Serial killer Charles Manson confessed to murders before he became the leader of the notorious Manson Family cult, chilling new audio from a prison phone call reveals.
“There’s a whole part of my life that nobody knows about,” Manson, who died in 2017, says in a phone call from prison in a short teaser clip from Peacock’s upcoming docuseries “Making Manson.”
“I lived in Mexico for a while. I went to Acapulco, stole some cars,” he continues in his chillingly calm voice.
“I just got involved in stuff over my head, man. Got involved in a couple of killings. I left my .357 Magnum in Mexico City, and I left some dead people on the beach,” he said.

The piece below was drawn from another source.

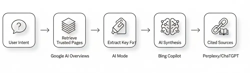 Here’s how AEO works today. The engines behind AI Overviews, AI Mode, Bing Copilot, and chatbots use the same simple pipeline: they read the intent in your question, retrieve trusted pages, extract the key facts, synthesize a clean answer, then cite sources for LLM citations. This mirrors what Google outlines in its official guide on how AI Overviews generate answers.
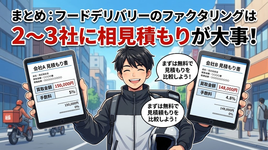 まとめ:フードデリバリーのファクタリングは相見積りが大事

Manson spent more than 45 years in prison after he was convicted of directing his “Manson Family” clan of troubled, mostly female, followers to kill at least seven people in California in the summer of 1969.
The dead included actress Sharon Tate, the pregnant wife of director Roman Polanski, who was stabbed 16 times.
The cult leader did not commit the murders himself, but rather convinced his followers to kill.
The new three-part docuseries dives deep into 20-years’ worth of never-before-aired conversations in which Manson talks about his childhood, life of crime and his time as a commune and cult leader from the late 1960s to the early 1970s, according to Peacock.
Before the notorious slayings, Manson spent much of his teenage and early adult life in and out of institutions and prisons for various crimes, including rape and theft.
At a parole hearing in 2012, it was revealed that Manson had coldly told one of his prison psychologists: “I’m special. I’m not like the average inmate. I have spent my life in prison. I have put five people in the grave. I am a very dangerous man.”
“I am crime,” Manson proudly proclaimed during a collect call to The Post from prison in the mid-2000s.
His parole was denied.
The teaser trailer reveals part of an interview with Manson’s former cellmate Phil Kaufman, who described what it was like to live with the killer.
“Charlie was very good at being evil and not not showing it,” he revealed. “Anything that detracted him from his game plan at that time, he would squash it, but he did it with velvet gloves.”
In the decades since the murders, Manson has become an icon for troubled youth and a fixture in pop culture.
He died from natural causes behind bars in November 2017 at the age of 83.
The docuseries premiered on the streaming platform on Nov. 19.